▶ [Directions]
Return the material below exactly, but only from the line with "تصميم مشروع كبير" through the line with "exum TVC-5D 800", and without its pictures.

▶ [Data records]
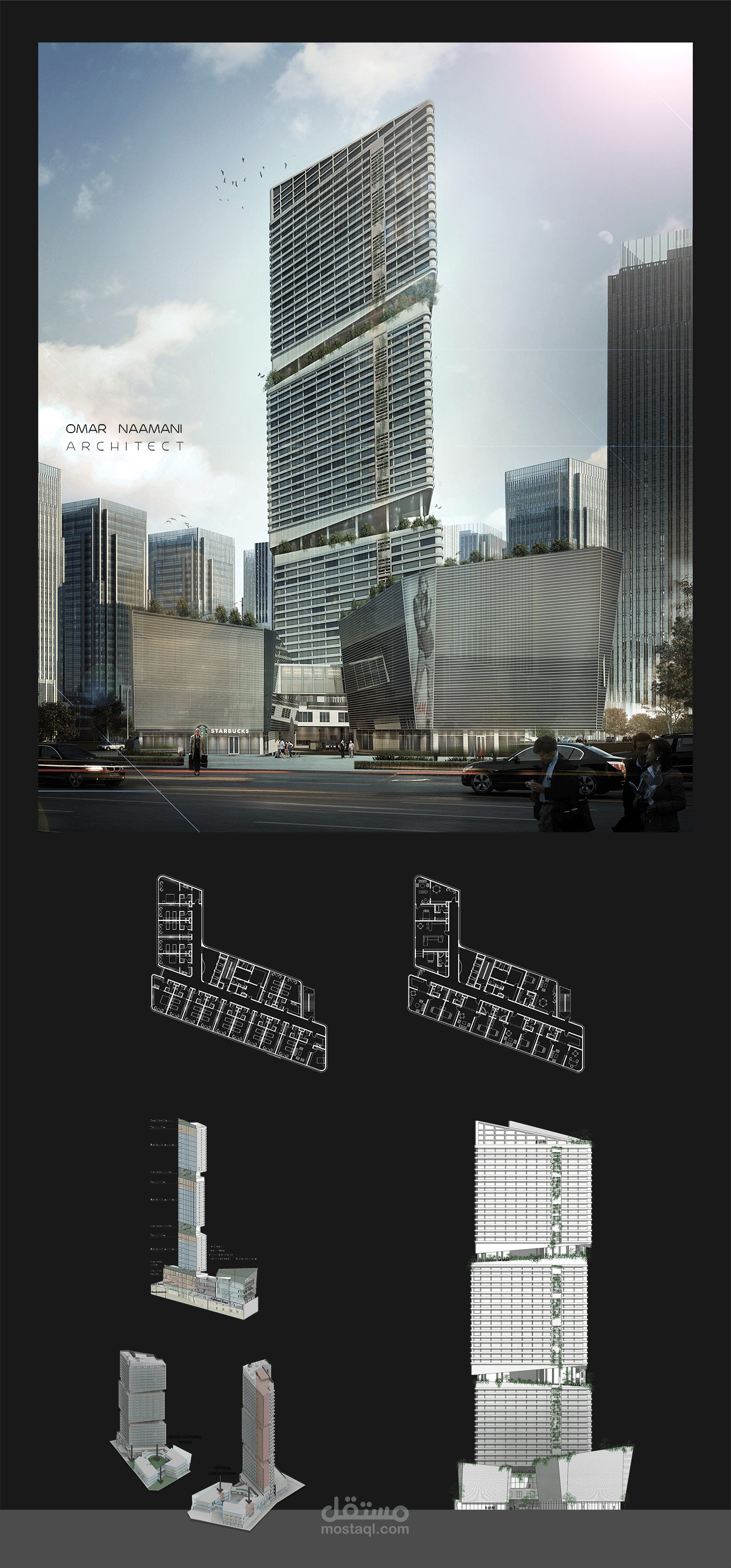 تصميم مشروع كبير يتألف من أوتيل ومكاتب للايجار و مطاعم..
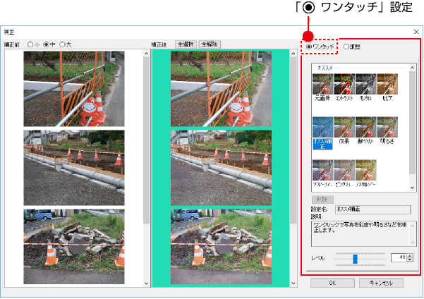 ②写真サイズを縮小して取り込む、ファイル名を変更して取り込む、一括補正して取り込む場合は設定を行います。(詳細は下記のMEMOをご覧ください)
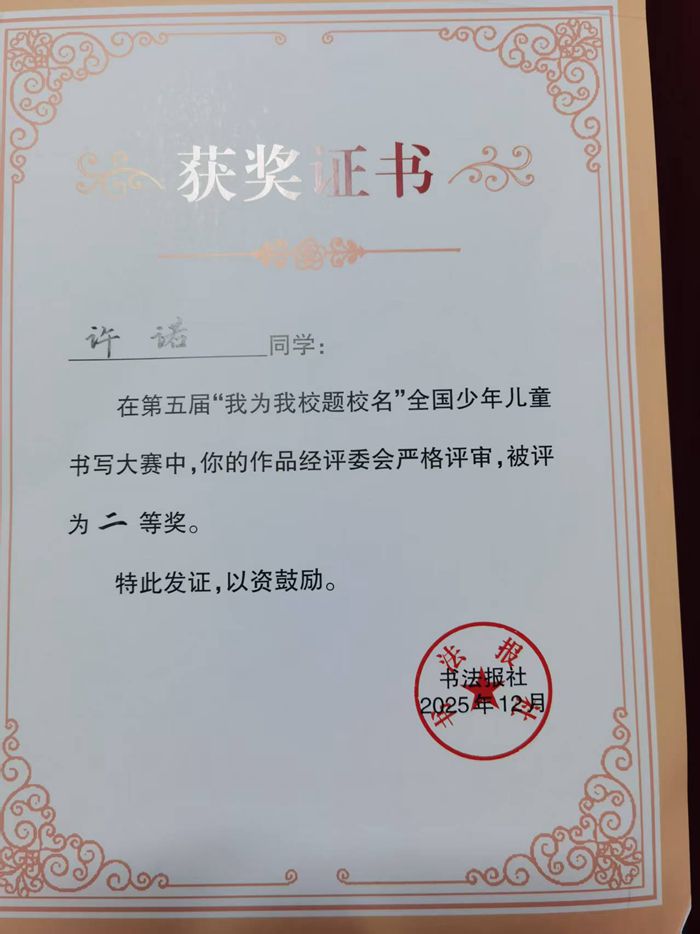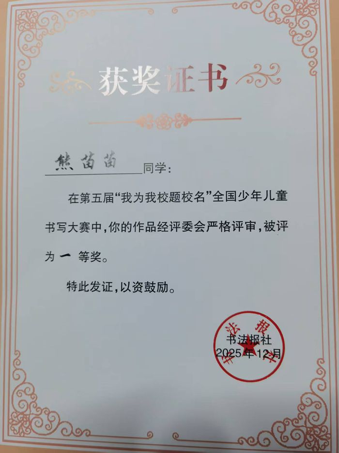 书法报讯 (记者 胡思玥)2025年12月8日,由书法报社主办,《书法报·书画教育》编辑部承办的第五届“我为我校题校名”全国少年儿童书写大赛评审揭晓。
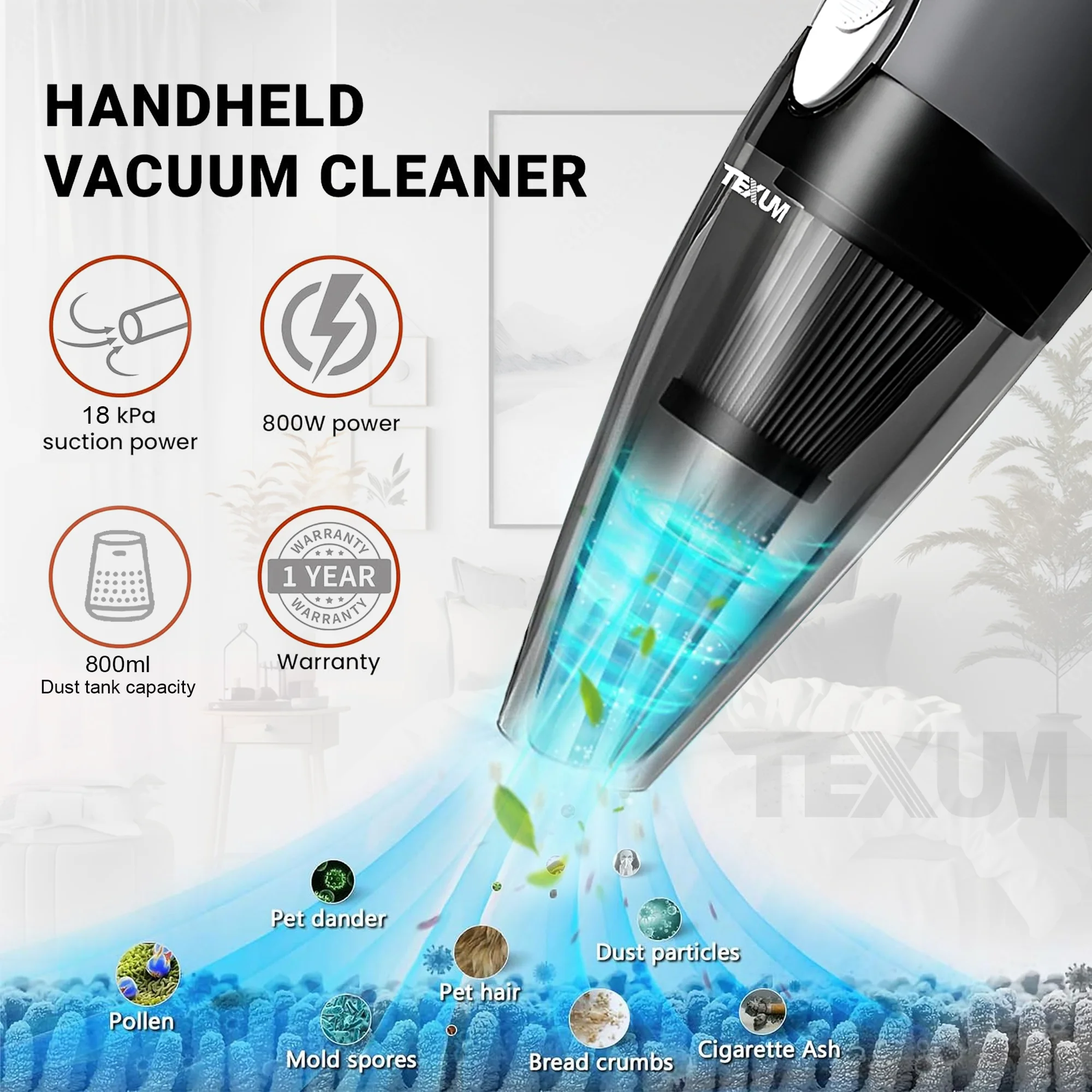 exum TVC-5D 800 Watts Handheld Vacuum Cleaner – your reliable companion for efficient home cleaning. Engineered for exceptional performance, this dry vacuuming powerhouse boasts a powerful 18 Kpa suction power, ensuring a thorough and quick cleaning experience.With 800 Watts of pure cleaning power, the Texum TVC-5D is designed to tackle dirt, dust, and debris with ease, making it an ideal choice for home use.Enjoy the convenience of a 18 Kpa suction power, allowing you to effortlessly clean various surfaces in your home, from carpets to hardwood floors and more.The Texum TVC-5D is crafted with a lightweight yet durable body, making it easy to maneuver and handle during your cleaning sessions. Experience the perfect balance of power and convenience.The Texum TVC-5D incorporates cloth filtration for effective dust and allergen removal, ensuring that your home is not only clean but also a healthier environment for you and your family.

==

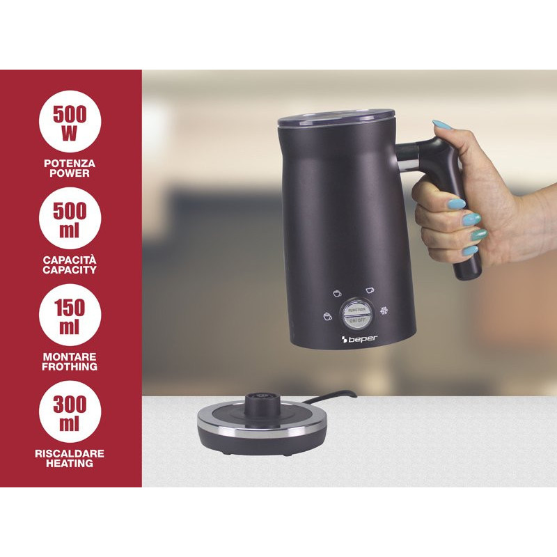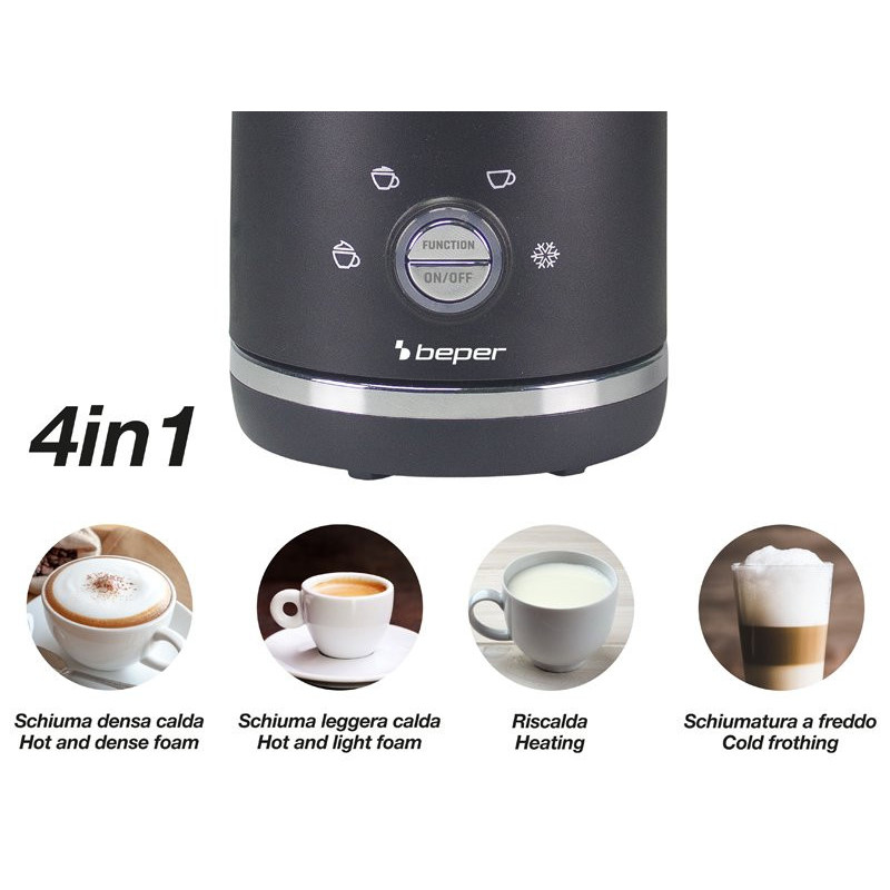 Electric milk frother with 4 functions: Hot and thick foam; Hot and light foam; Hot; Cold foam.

▶ [Solution]
 تصميم مشروع كبير يتألف من أوتيل ومكاتب للايجار و مطاعم..
 ②写真サイズを縮小して取り込む、ファイル名を変更して取り込む、一括補正して取り込む場合は設定を行います。(詳細は下記のMEMOをご覧ください)
 书法报讯 (记者 胡思玥)2025年12月8日,由书法报社主办,《书法报·书画教育》编辑部承办的第五届“我为我校题校名”全国少年儿童书写大赛评审揭晓。
 exum TVC-5D 800 Watts Handheld Vacuum Cleaner – your reliable companion for efficient home cleaning. Engineered for exceptional performance, this dry vacuuming powerhouse boasts a powerful 18 Kpa suction power, ensuring a thorough and quick cleaning experience.With 800 Watts of pure cleaning power, the Texum TVC-5D is designed to tackle dirt, dust, and debris with ease, making it an ideal choice for home use.Enjoy the convenience of a 18 Kpa suction power, allowing you to effortlessly clean various surfaces in your home, from carpets to hardwood floors and more.The Texum TVC-5D is crafted with a lightweight yet durable body, making it easy to maneuver and handle during your cleaning sessions. Experience the perfect balance of power and convenience.The Texum TVC-5D incorporates cloth filtration for effective dust and allergen removal, ensuring that your home is not only clean but also a healthier environment for you and your family.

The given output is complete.